Nuclear war is cute and funny

Here’s a creepy bit of copypasta i found crossposted on the MGTOW subreddit and the incel-infested Black Pill Club site. It’s a little apocalyptic fantasy envisioning some variety of “WW3” tearing down our allegedly lady-dominated society and putting “strong men” in charge again.

“We need WW3/something really devastating so strong men can take back western society,” the post begins.

Its no secret that western society (so far, its likely that other the rest of the world will be feminist soon as well) has been ruined by feminism and all sorts of degeneracy.

Ah, “degeneracy,” that favorite Nazi dogwhistle.

Men, especially straight white men are villified and get no respect. Everything is blamed on the “evil” patriachy. Lots of men are brainwashed into believe the whole women being oppressed narrative. I won’t even get into the lgbt+ degenerate bs here.

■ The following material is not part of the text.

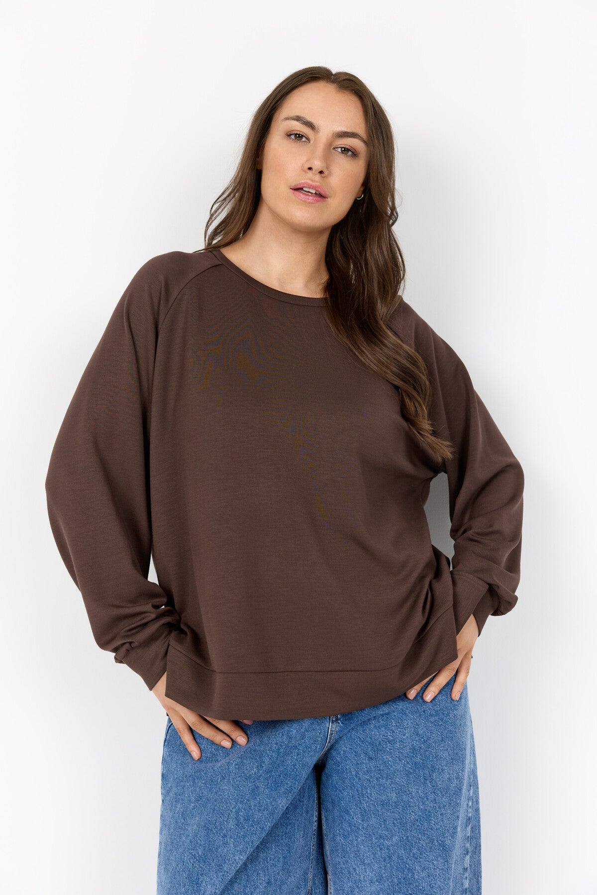 WA-SABINA 82 er en blød sweatshirt fremstillet af 48 % modal, 48 % polyester og 4 % elastan. Sweatshirten har en klassisk rund hals, ribbede manchetter og en afslappet pasform, der giver god komfort. Sæt den sammen med dine yndlingsjeans eller afslappede bukser for et cool hverdagslook.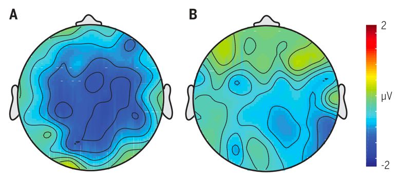 图3. 当新输入的语义信息与大脑预测不一致时引发的N400响应的脑地形图分布。(A)当新输入的信息是语句中核心成分时N400响应较为显著(顶叶蓝色部分);(B) 当新输入的信息不是语句中核心成分时,N400响应不显著。(Wang and Hagoort, 2011)

People are ungrateful to men who build and made the US and in general the west so powerful.

WE HUNTED THE MAMMOTH, er, sorry, “built and made the US” to feed you!

And things will only get worse. We have had it too easy in the west so people in the past few decades (and now with social media it has only gotten worse) became focused on dumb shit like feminism.

We’re living in the midst of a pandemic that has already killed more than ten times the number of Americans who died in Vietnam. Fascism is on the rise worldwide. I’m not sure things are quite so “easy” as you think unless you live a pretty cosseted life.

We need real problems, maybe WW3 or something else that is devastating so people grow up and appreciate men again

You really think you’re the grown up in this scenario? You live in a fantasy land.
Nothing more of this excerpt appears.